Ardi Tampuu  PhD "Neural networks for analyzing biological data"

Klipi teostus: Merlin Pastak 13.10.2020 1182 vaatamist Arvutiteadus


Supervisor:
Prof. Raul Vicente, Institute of Computer Science, University of Tartu
 
Opponents:
Dr. Oliver Stegle, European Molecular Biology Laboratory (Germany)
Prof. Aušra Saudargienė, Lithuanian University of Health Sciences (Lithuania)

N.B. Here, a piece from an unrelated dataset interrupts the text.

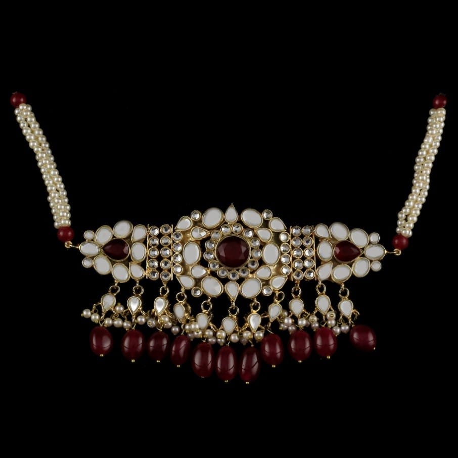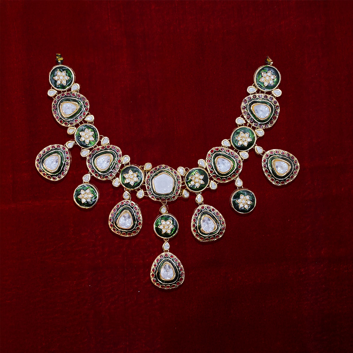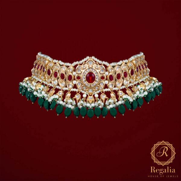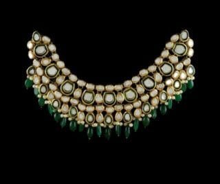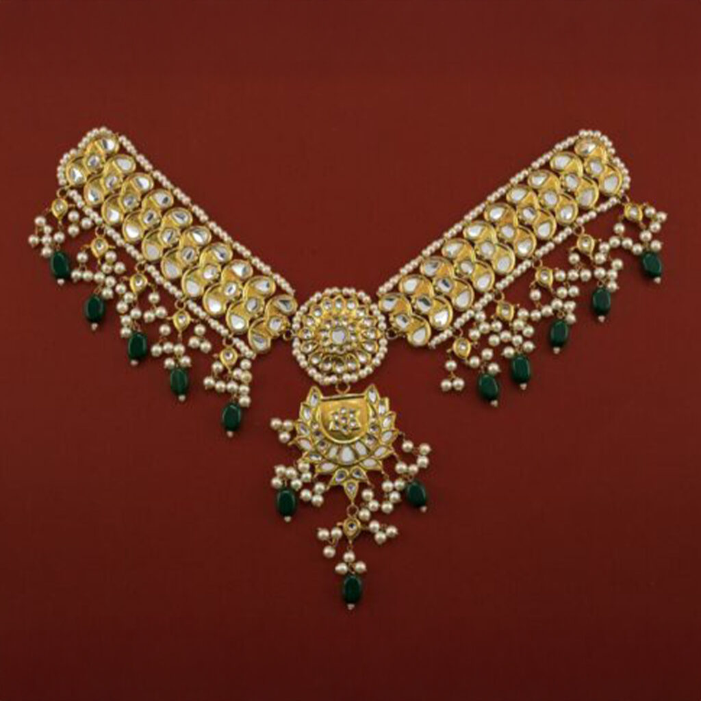 Virsa is a beautifully handcrafted gold-plated jewellery set inspired by traditional artistry. The set features an elegantly designed necklace, matching earrings, and a classic bindia, all finely embellished with kundan polki stones and rich ruby accents. Each piece is delicately carved with intricate emerald meena work, while the bindia is highlighted with a striking centre emerald stone, adding depth and regal charm to the design.

Artificial neural networks (ANNs) are a machine learning algorithm that has gained popularity in recent years. Different subtypes of ANNs are used in various fields of computer science. For example, convolutional networks are useful in object and face recognition systems; whereas recurrent neural networks are effective in speech recognition and natural language processing. However, these examples are not the only possible applications of neural nets - in this thesis we demonstrated the benefits of ANNs in analyzing two biological datasets. First, we investigated if based only on the information contained within a DNA snippet it is possible to predict if the snippet originates from a viral genome or not. Through two publications we demonstrated that machine learning algorithms can make this prediction. Convolutional neural networks (CNNs) proved to be the most accurate. The recommendation system created allows virologists to identify yet unknown viral species, which may have important effects on human health. The second biological dataset analyzed originates from neuroscience. In mammalian hippocampus there are so called place cells which activate only if the animal is in a specific location in space. We showed that recurrent neural networks (RNNs) allow to predict the animal’s location with ~10cm precision based on the activity of only a few dozen place cells. RNNs proved to be more effective than the most commonly used Bayesian methods. These networks use the past neuronal activity as a context that helps fine-tune the location predictions. Also in many other neural datasets the prior brain activity might reflect important information about the current behaviour. Hence, RNNs might turn out to be very useful in making sense of brain signals. Similarly, CNNs are likely to prove more efficient than the currently used methods on many other bioinformatics datasets. We hope this thesis encourages more scientists to try neural networks on their own datasets.